Cephalonega


Cephalonega stepanovi is a fossil organism from Ediacaran deposits of the Arkhangelsk Region, Russia. It was described by Mikhail A. Fedonkin in 1976[1]

Its original genus name Onega comes from the Onega Peninsula of the White Sea, where the first fossils were found. The species name was given to honour V.A. Stepanov, who discovered the Ediacaran fossil site on the Letniy Bereg ("Summer Coast") in 1972, on the Onega Peninsula, the first Proterozoic site found in the Arkhangelsk Oblast.[2] The original generic name is previously occupied by the hemipteran genus Onega Distant (1908). Ivantsov et al. (2019) coined a replacement generic name Cephalonega.[3][4]

The small fossils, which range up to 7 millimetres (0.28 in) long, have oval outlines and low bodies with an articulated central zone built of isomers encircled by an undivided zone.
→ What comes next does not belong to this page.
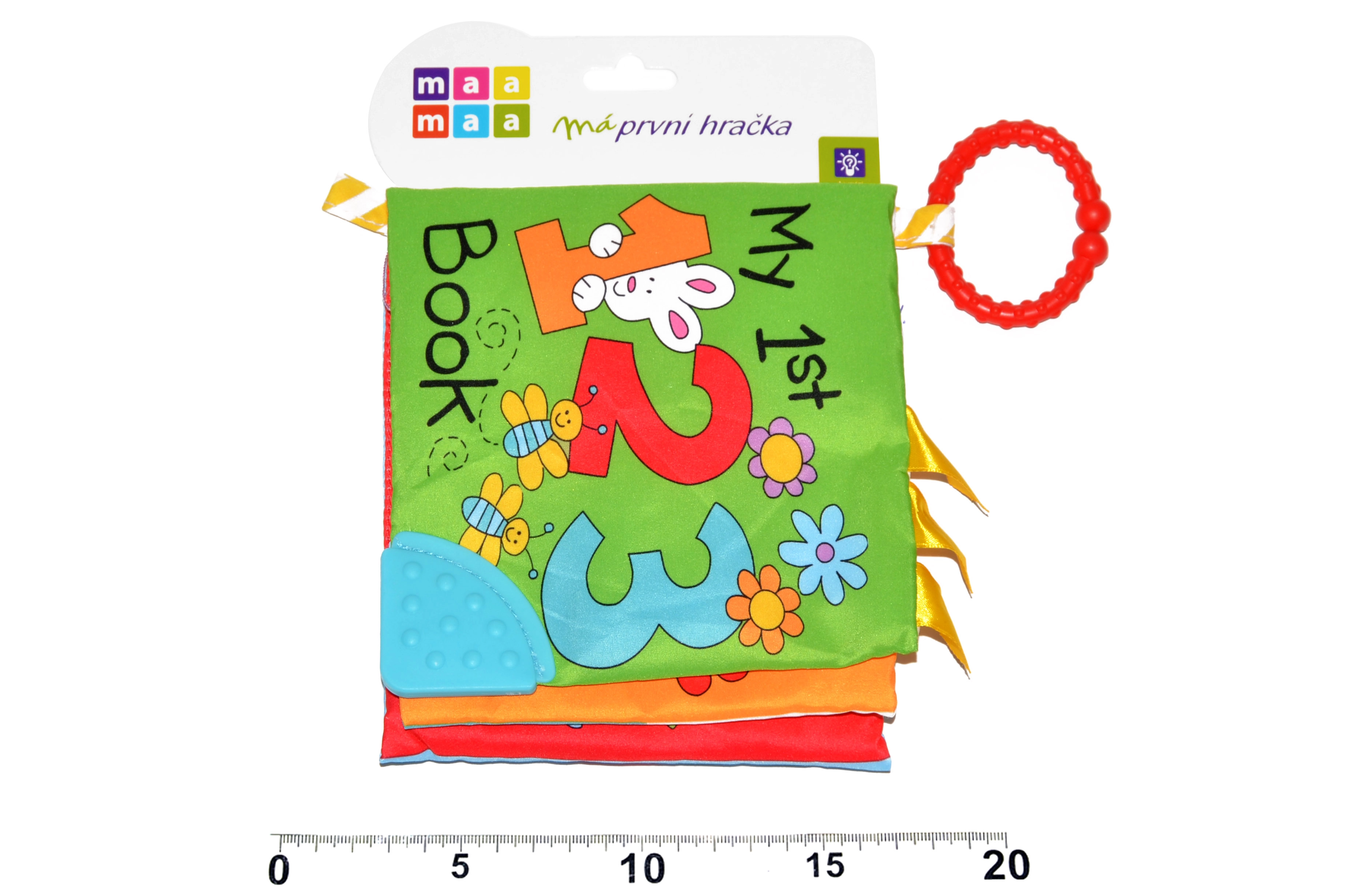 El práctico tamaño de 15 × 15 cm y su construcción ligera facilitan el agarre con pequeñas manitas. La estructura especial de la superficie invita a morder, masajea suavemente las encías y aporta alivio durante la erupción de los primeros dientes. Al mismo tiempo, el libro desarrolla la motricidad gruesa y favorece un correcto desarrollo psicomotor.

The surface of the undivided region of Cephalonega is covered with small tubercles.[5]

Cephalonega was originally described by Mikhail Fedonkin as a problematic organism, being grouped together with Vendia, Praecambridium and Vendomia as possible stem-group arthropods due to a vague similarity with primitive Cambrian trilobites and arthropods.[1]
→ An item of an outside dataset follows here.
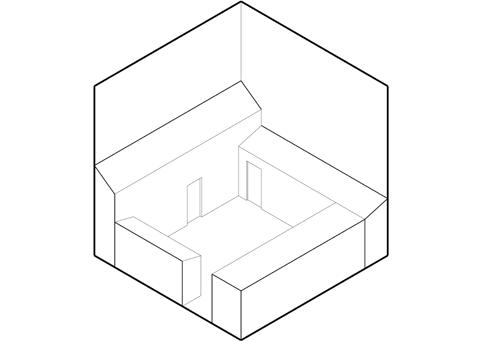 During the interlocking of the blocks, the outer surface of one inclined block enters the interior of the other, and the space enclosed by the intersection of the two inclined surfaces is suitable for a stepped space that can be used for lecturing, scrutinising, and lounging.

In 1985 Mikhail Fedonkin erected Phylum Proarticulata,[6] in which he placed: Cephalonega, Dickinsonia, Palaeoplatoda, Vendia, Vendomia, Praecambridium and Pseudovendia sp., although he did not exclude the possibility that Cephalonega may still be related to various lower Cambrian arthropods, such as Skania.[6][7]

Andrey Yu. Ivantsov has proposed that Cephalonega should be placed in the phylum Proarticulata, as the segments in recently discovered, exceptionally well-preserved fossils display the glide, or "staggered", symmetry characteristic of the majority of proarticulatans.[5]